The fight itself, the cut and thrust, the excitement of combat, were Guchkov’s passion. Even in the most turbulent months, when Russia was threatened with collapse and disintegration, he rejected as absurd Shipov’s advice to cede Russia to a Kadet Duma and let both of them realize their mistake later. Guchkov could not stand the Kadets, and missed no opportunity to hit out at them: even at a provincial zemstvo board meeting, discussing a turn of phrase in some minor local matter, the Kadets must be made to choke on it.
But in spite of this attitude, and for all his sympathy with Stolypin, Guchkov could not bring himself to join his first cabinet: that would have meant crossing the gulf between government and society. On Aptekarsky Island, a few months before the explosion, Stolypin offered him the post of Minister of Trade and Industry, and Guchkov showed his approval of the government’s policy, but doggedly made his acceptance conditional on invitations to various other representatives of society to join the government. No agreement was reached, but Guchkov promised support for Stolypin from “society’s” side.

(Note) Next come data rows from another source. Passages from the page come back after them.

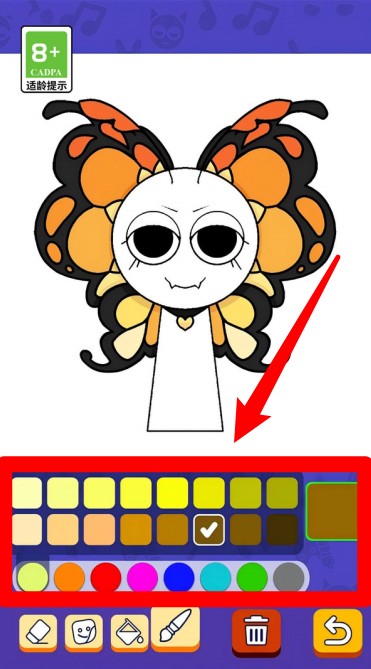 1.点击下方调色盘选择喜欢的颜色进行上色,打造专属角色形象。
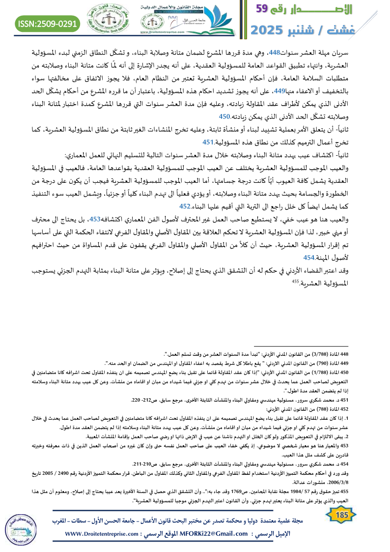The Jordanian legislator has established a dual regime of contractual liability for both the engineer and the contractor. Their liability is governed by the general rules of contract law prior to the final delivery of the construction work. However, following final delivery, a special contractual liability—referred to as decennial liability—arises. This liability remains in effect for ten years unless, during that period, a defect appears that threatens the structural integrity of the building or causes its total or partial collapse. In the absence of such a defect, general contractual liability rules reapply thereafter.
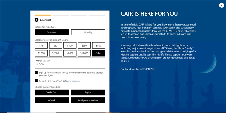 يعد مجلس العلاقات الإسلامية الأمريكية «CAIR» من أبرز المؤسسات التي اعتمدت استمارة التبرع، والتي تبدأ من 35 دولارًا ثم 50 دولارًا وصولاً إلى ما يشاء التابعون من الدفع، مشيرة في دعوتها إلى أن المساعدات المالية التي يقدمها الأفراد تساعد المجلس على القيام بمهامه في ظل انتشار كورونا، محددًا أبرز وظائفه في رفع الدعاوى القضائية ضد السلطات وقوانينها التي يراها المجلس غير مناسبة لمجتمعه.
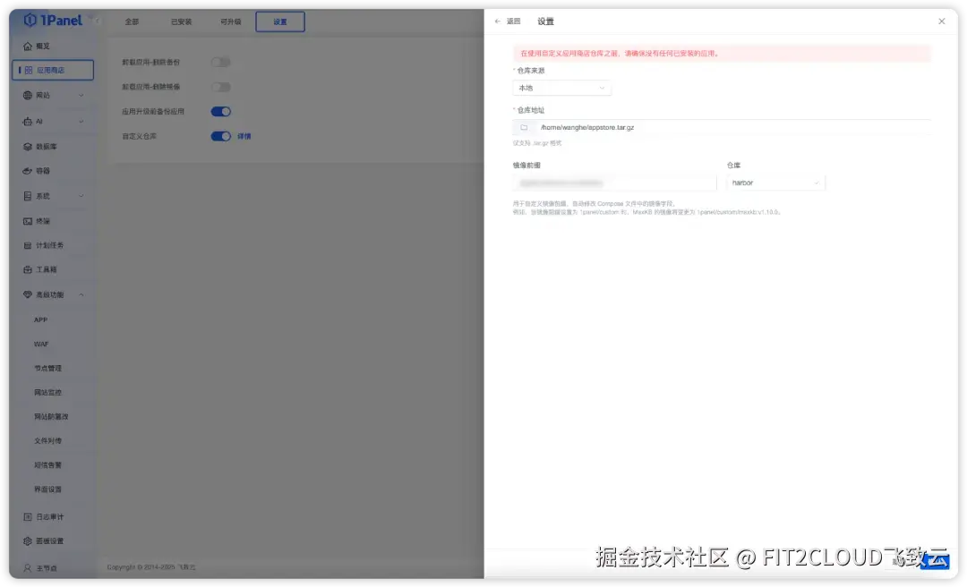 1Panel V2版本全新支持应用和镜像仓库的自定义配置,支持接入私有仓库和自建镜像源。
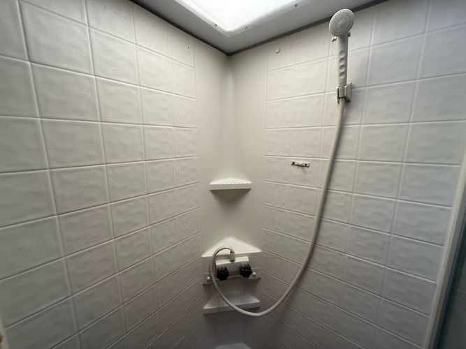 Full bathroom with shower, toilet, and sink
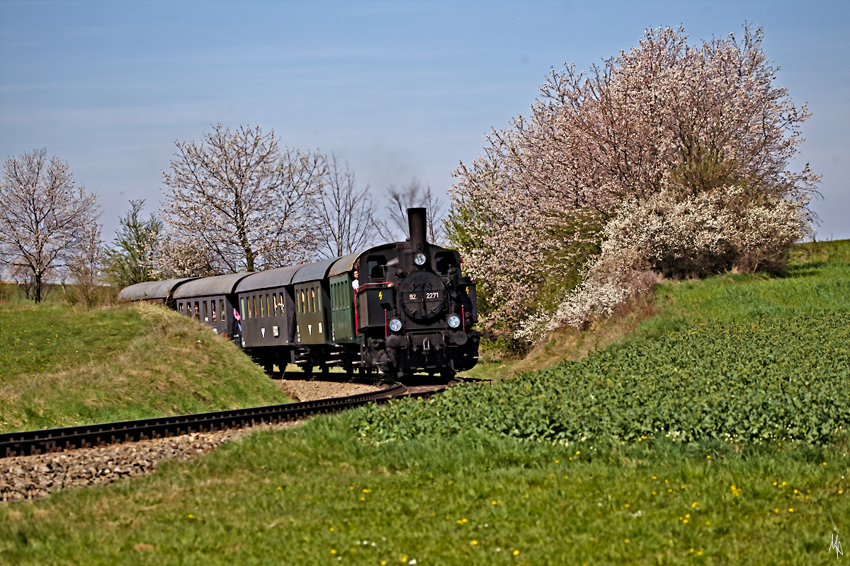Am Ostersamstag veranstaltete der Martinsberger Lokalbahnverein drei Pendelfahrten zwischen Zwettl und Waldhausen. Zu sehen ist hier die 92.2271 zwischen Obernondorf und Klein Schönau. (20.04.2019)
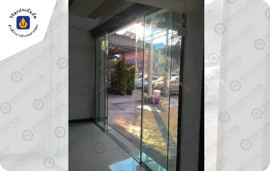สำนักงานตัวแทนติดตั้งระบบประตูบานเลื่อนอัตโนมัติสำหรับกระจกบานเปลือยคู่ พร้อมเซ็นเซอร์ชนิดอินฟาเรดเพื่อเปิดประตูและป้องกันการปิดหนีบผู้ใช้งาน

At about the same time the Emperor also felt a need to talk to Guchkov again and received him at Peterhof. This was during the Sveaborg mutiny, but what struck Guchkov was Peterhof’s dreamy tranquillity. The Emperor was in a good humor, affable and charming, as so often, irresistibly charming. He also invited Guchkov to join the government. But it was obvious that he did not realize the seriousness of the situation. He might have been the monarch of some other country. On some other planet. In his view any updating of domestic policy was superfluous and he was unwilling to tie his hands with any definite program.